BEGIN Task data

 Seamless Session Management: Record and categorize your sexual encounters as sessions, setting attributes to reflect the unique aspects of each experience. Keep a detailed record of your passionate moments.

END Task data
BEGIN Task data

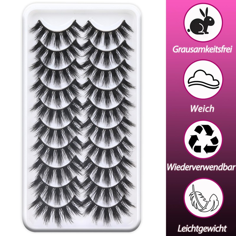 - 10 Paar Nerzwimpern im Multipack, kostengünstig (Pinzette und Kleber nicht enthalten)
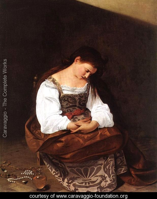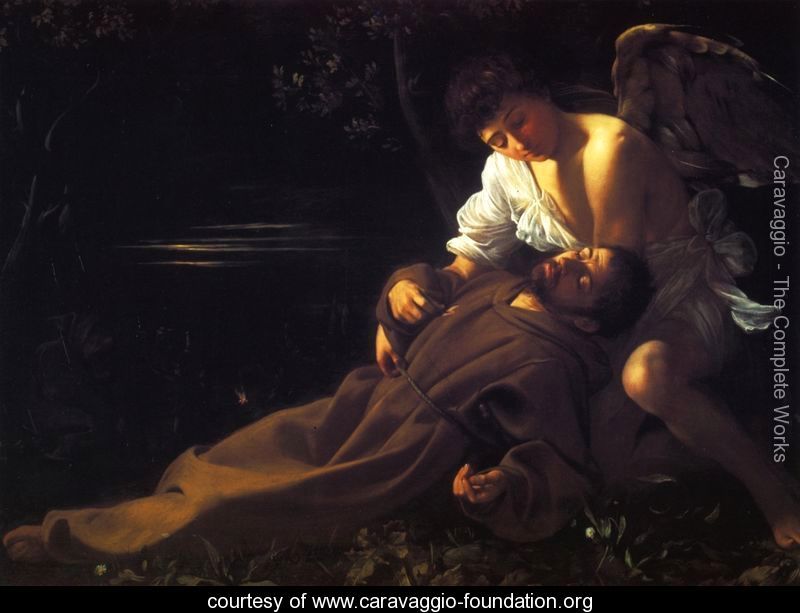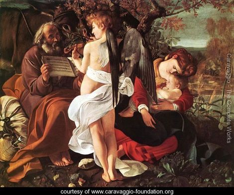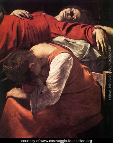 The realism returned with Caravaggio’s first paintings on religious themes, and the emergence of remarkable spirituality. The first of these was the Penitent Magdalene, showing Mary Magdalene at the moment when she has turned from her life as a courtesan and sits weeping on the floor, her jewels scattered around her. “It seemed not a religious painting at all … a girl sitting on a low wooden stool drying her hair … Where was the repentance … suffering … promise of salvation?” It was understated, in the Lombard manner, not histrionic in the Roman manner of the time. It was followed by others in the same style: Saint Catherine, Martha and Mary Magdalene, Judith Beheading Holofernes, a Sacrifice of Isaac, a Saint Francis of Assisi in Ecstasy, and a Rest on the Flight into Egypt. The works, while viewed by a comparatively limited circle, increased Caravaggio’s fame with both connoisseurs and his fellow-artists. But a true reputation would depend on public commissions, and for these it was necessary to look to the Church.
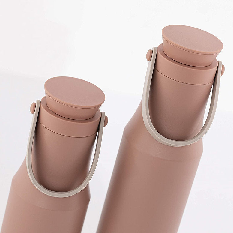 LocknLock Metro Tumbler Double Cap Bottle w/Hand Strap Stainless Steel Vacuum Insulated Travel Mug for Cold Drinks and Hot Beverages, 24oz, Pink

END Task data

Give again, exactly as written above, each line from the one that has "- 10 Paar Nerzwimpern" to the one that has "LocknLock Metro Tumbler", both included; omit the pictures.

 - 10 Paar Nerzwimpern im Multipack, kostengünstig (Pinzette und Kleber nicht enthalten)
 The realism returned with Caravaggio’s first paintings on religious themes, and the emergence of remarkable spirituality. The first of these was the Penitent Magdalene, showing Mary Magdalene at the moment when she has turned from her life as a courtesan and sits weeping on the floor, her jewels scattered around her. “It seemed not a religious painting at all … a girl sitting on a low wooden stool drying her hair … Where was the repentance … suffering … promise of salvation?” It was understated, in the Lombard manner, not histrionic in the Roman manner of the time. It was followed by others in the same style: Saint Catherine, Martha and Mary Magdalene, Judith Beheading Holofernes, a Sacrifice of Isaac, a Saint Francis of Assisi in Ecstasy, and a Rest on the Flight into Egypt. The works, while viewed by a comparatively limited circle, increased Caravaggio’s fame with both connoisseurs and his fellow-artists. But a true reputation would depend on public commissions, and for these it was necessary to look to the Church.
 LocknLock Metro Tumbler Double Cap Bottle w/Hand Strap Stainless Steel Vacuum Insulated Travel Mug for Cold Drinks and Hot Beverages, 24oz, Pink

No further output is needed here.